Nun war vom Anhalter Bahnhof nur mehr ein Teil der Stirnwand der Schalterhalle erhalten. Im Sommer war das Gelände hinter dieser Wand von dickem Unkraut und Gebüsch überwuchert, und während unserer Schulzeit hatten Werner und ich uns oft dort zwischen den im Dickicht verborgenen Stellwerken, Lokomotivschuppen, ausgeweideten, verrosteten Schlafwagen und anderen Ruinen des Eisenbahnzeitalters herumgetrieben. Seit Kriegsende ist auf den Gleisen der Südbahn hinter dem ehemaligen Bahnhofsgelände ein regelrechter Urwald entstanden.
Was auf der Nordseite des Anhalter Bahnhofs stehen geblieben war, machte nicht mehr viel her. Man hätte die ramponierten Fassaden, die da noch vereinzelt aufragten, für Filmkulissen halten können, wenn sie nicht so authentisch schmutzig gewesen wären. Dort, wo einst das Zentrum Europas war, war jetzt nichts mehr. Wer nun unterwegs in die Kochstraße oder zum Checkpoint Charlie am ehemaligen Anhalter Bahnhof vorbeifuhr, machte, dass er weiterkam.
Dennoch hat erstaunlicherweise das Café Leuschner bis heute dort ausgehalten. Willi Leuschner mochte mit der Aufstellung der Jukebox einen bedauerlichen Fehler gemacht haben, aber er zapfte ein gutes Bier, und seine österreichische Frau servierte noch immer einmal in der Woche den besten Tafelspitz in der Stadt. Und zu dem zartgekochten Rindfleisch gab es bei ihr kleine Kartoffelklöße, der Kohl war in Bratenfett gegart und mit Kümmel gewürzt.
Als Werner sich den letzten Bissen seiner gigantischen Portion Rindfleisch mit viel zuviel geriebenem Meerrettich in den Mund geschoben hatte, fand ich es an der Zeit, das Thema anzuschneiden, das ich mit Werner besprechen wollte. Ich sagte: »Jedenfalls sieht Lisl hervorragend aus.«
»Du hast sie nur für fünf Minuten gesehen«, sagte Werner und wischte mit einem Stück Brot den Rest des Meerrettichs von seinem Teller. Ihm trieb das Zeug nicht wie mir die Tränen in die Augen.

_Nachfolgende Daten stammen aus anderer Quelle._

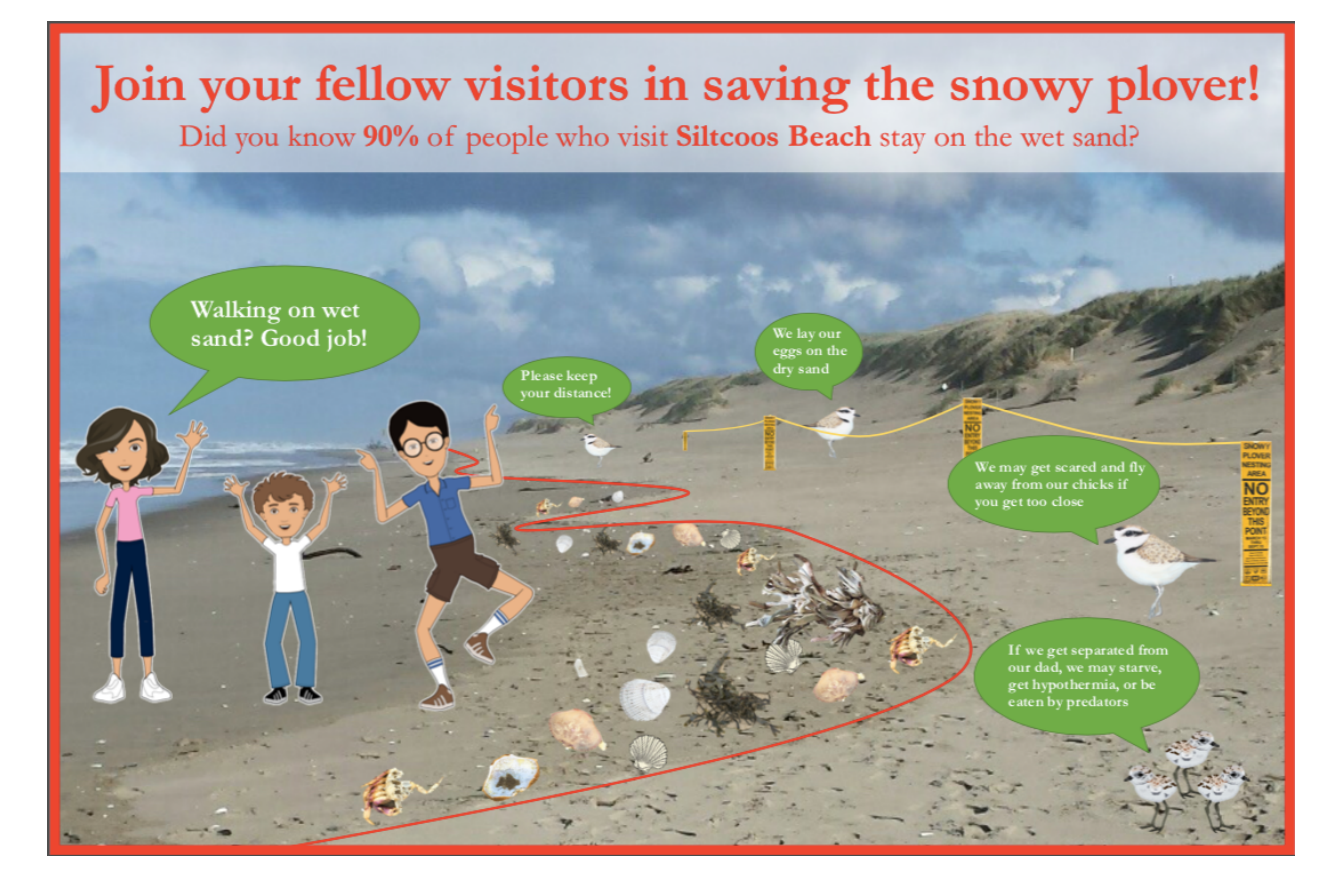
Figure 3. Normative sign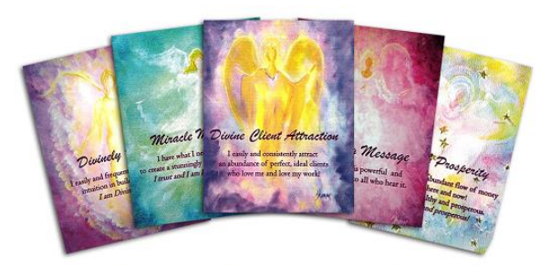
Divine Business Angel Cards Activate Your Divine Team for Guidance, Clarity & Support

Some people use them when they are challenged in a specific area in their business. They find the angel card reminds them of the truth: they CAN build their Divine business and make it an abundant, sustainable one!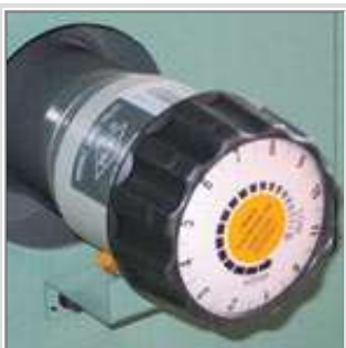
Convenient easy access control panel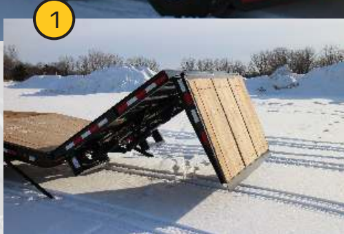
Simple operation. Lower ramp part way...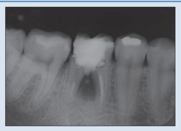
Figure 2b: MTA placed with temporary restoration.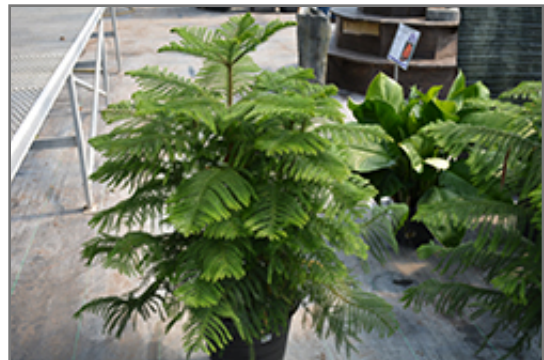
Norfolk Island Pine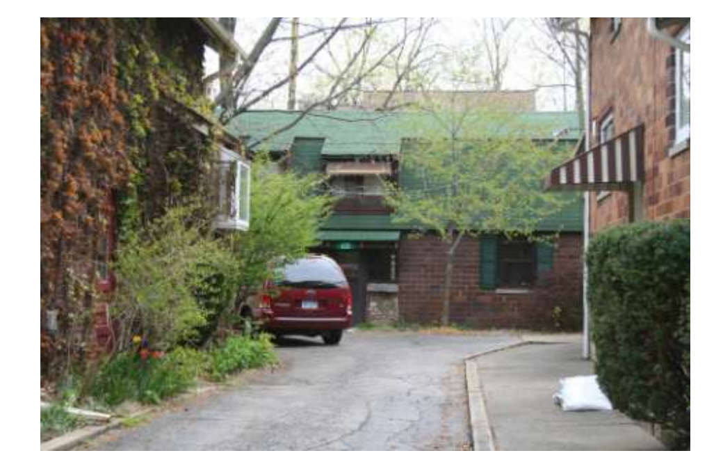
PHOTO INFO File name Fifth_635_1.JPG Date April-May, 2008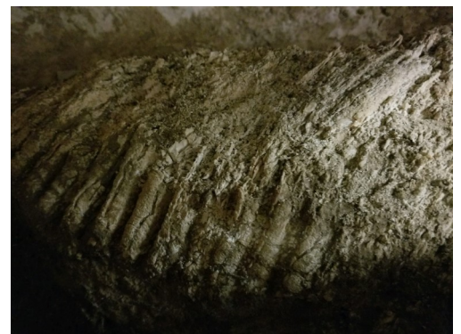
Large mammoth tooth at the repository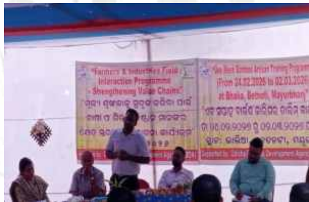
Farmers & industries engagement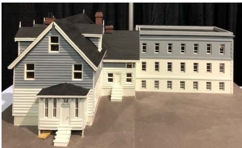
The Shannon Munn Memorial for Boys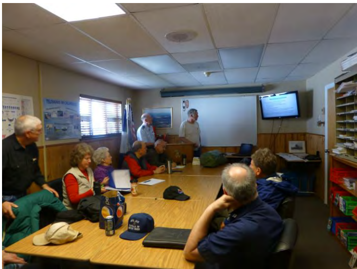
April 2, Vessel Exam 1 hr Workshop and 1 hr training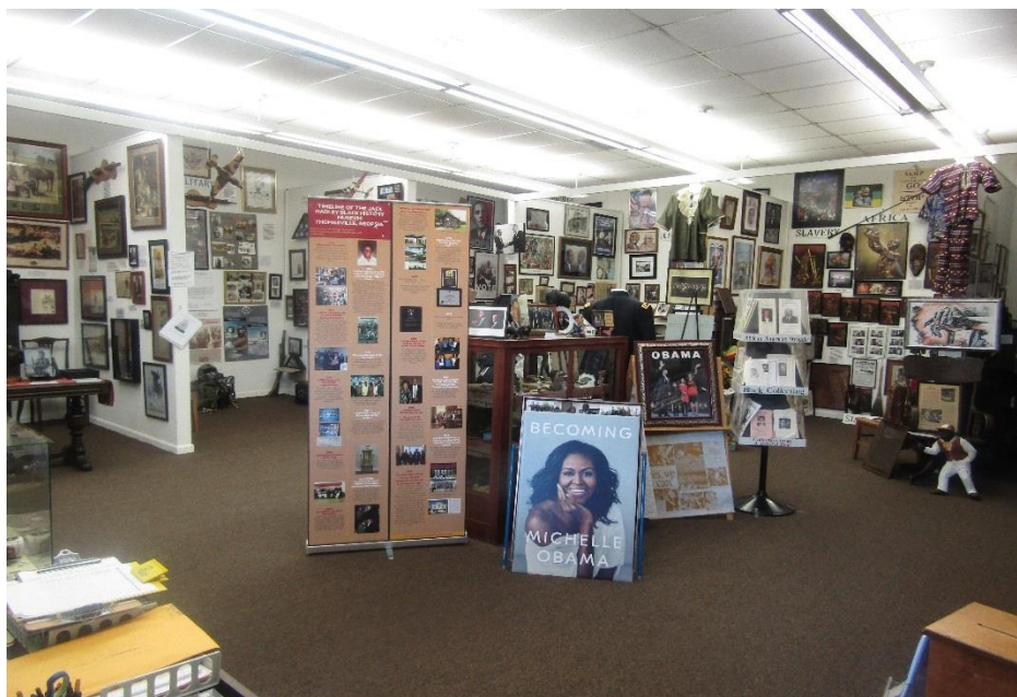
Display in gallery one of the JHBHM.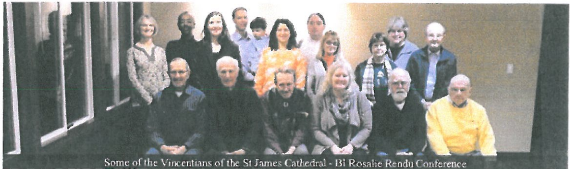
Some of the Vincentians of the St James Cathedral - BI Rosalie Rendu Conference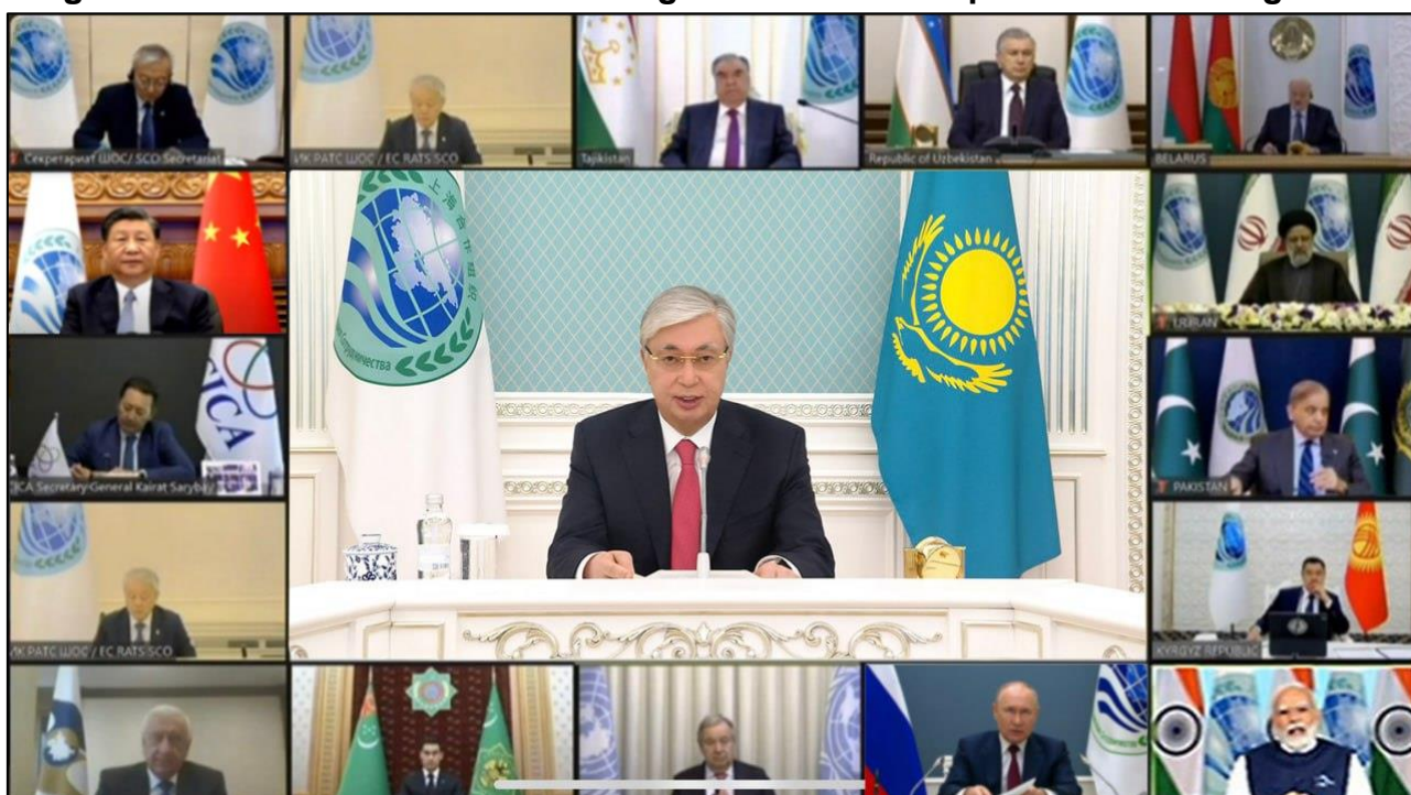
Figura N° 1 – Cumbre Anual de la “Organización de Cooperación de Shanghai”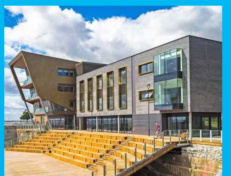
Warrington Council, One Stop Shop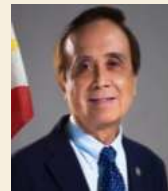
NEDA Secretary Ernesto M. Pernia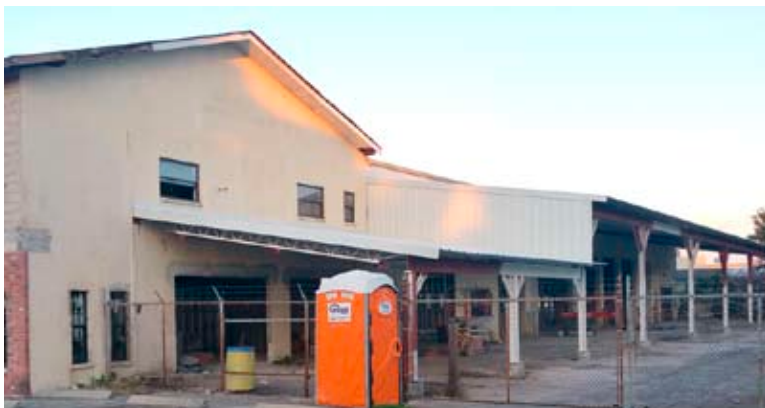
New NWCC back

»Sie schlief noch, als ich heute morgen ging, und ich wollte sie nicht stören«, sagte ich. Ich versuchte es noch einmal mit dem Meerrettich, den liegen zu lassen ich schon beschlossen hatte. Wieder fand ich schon das kleine bisschen, das ich an der Gabel hatte, sehr, sehr scharf.
»Sie ist eine dumme alte Frau«, sagte Werner in einem Ausbruch von ungewohnter Bitterkeit. Daran konnte man erkennen, wie frustriert er war. »Tausendmal hat der Arzt ihr gesagt, dass sie abnehmen und sich schonen soll. Statt dessen trinkt sie, raucht, regt sich auf, streitet herum. Es ist absurd.« Vielleicht war der Ton, in dem er das hervorstieß, nicht so sehr erbittert als traurig.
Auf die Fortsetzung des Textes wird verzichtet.